Our meeting at the Lakes, begun with factitious jollity, soon grew dismal enough; and it was still more saddened as we talked of the factions of Irish refugees in America — factions founded principally on the momentous question, who was the greatest man and most glorious hero, of that most inglorious Irish business of ’48; and each imagines he exalts his own favourite “martyr” by disparaging and pulling down the rest — as if the enemy’s Government had not pulled us all down, and ridden roughshod over us. It seems that I have my faction, and Meagher a still stronger one. If our respective partisans could but have seen — as we discussed this question of our own comparative importance — how bitterly and how mournfully we two smiled at one another across the gum-tree fire in that log-hut amongst the forests of the antipodes, perhaps it might have cooled their partizan zeal.

This morning, when we looked out on the snowy waste, we found that all the horses had broken out through the fence into the woods. So we sallied out and spent an hour searching for them all over the rocky country between the two lakes. At last, in a dense part of the forest, we found them cowering under some honeysuckle trees, and nibbling the leaves — a sorry breakfast. Drove them in; and after partaking of Cooper’s breakfast, we mounted and rode on to the “Dog’s Head.” This is a fine promontory running about a mile out into the lake, and fringed all round with noble trees. In a snug cove at the northern side of the “Dog’s Head” is a stone house inhabited by the shepherd in charge of a large flock belonging to a Mr. Clarke, the owner of all the eastern shores of the lake. The day became beautiful and bright. The snow had all disappeared by twelve o’clock, and the lake lay smooth as a mirror. Opposite to us rise several rough wooded peaks; and all that side of the lake is said to be utterly trackless, and nearly impervious, swarming with “native devils” and “native tigers,” two species of hideous beasts of prey about the size of sheep-dogs, which at times make great havoc among the flocks. We have taken the little boat belonging to this station and rowed over to the island, then to another quiet bay where there is a sandy beach, called by the shepherds the “Diamond Beach,” from beautiful little agates and pieces of yellow quartz often found amongst the sands.

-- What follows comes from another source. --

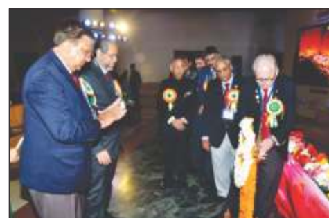
Lighting of Lamp at Inaugural Session

18th. — To-day we reluctantly parted, promising to be at the rendezvous again the week after next; and rode our different ways. This day, as the snow was gone, and the forests were all glowing in the sunshine, I wondered the country had seemed desolate to me before. We passed along the skirts and nearly under the perpendicular precipices of Table Mountain; and at last found ourselves on the shoulder of Quoin Hill, and looked down over the valley of Bothwell, which already seems a sort of home to me. From this point the view is wide and magnificent — endless forests and mountains; with small bits of clearing here and there, looking like impertinent intrusions upon the primeval solitudes. Two eagles soar majestically above: and from far down in the profound umbrage below, rings the clear bugle note of the white magpie — a bird which, though called magpie by the colonists, is of a species unknown in the northern hemisphere. So ends my first visit to Lake Sorel: and it has pleased me well at any rate to find that my friends are all unsubdued. The game, I think, is not over yet.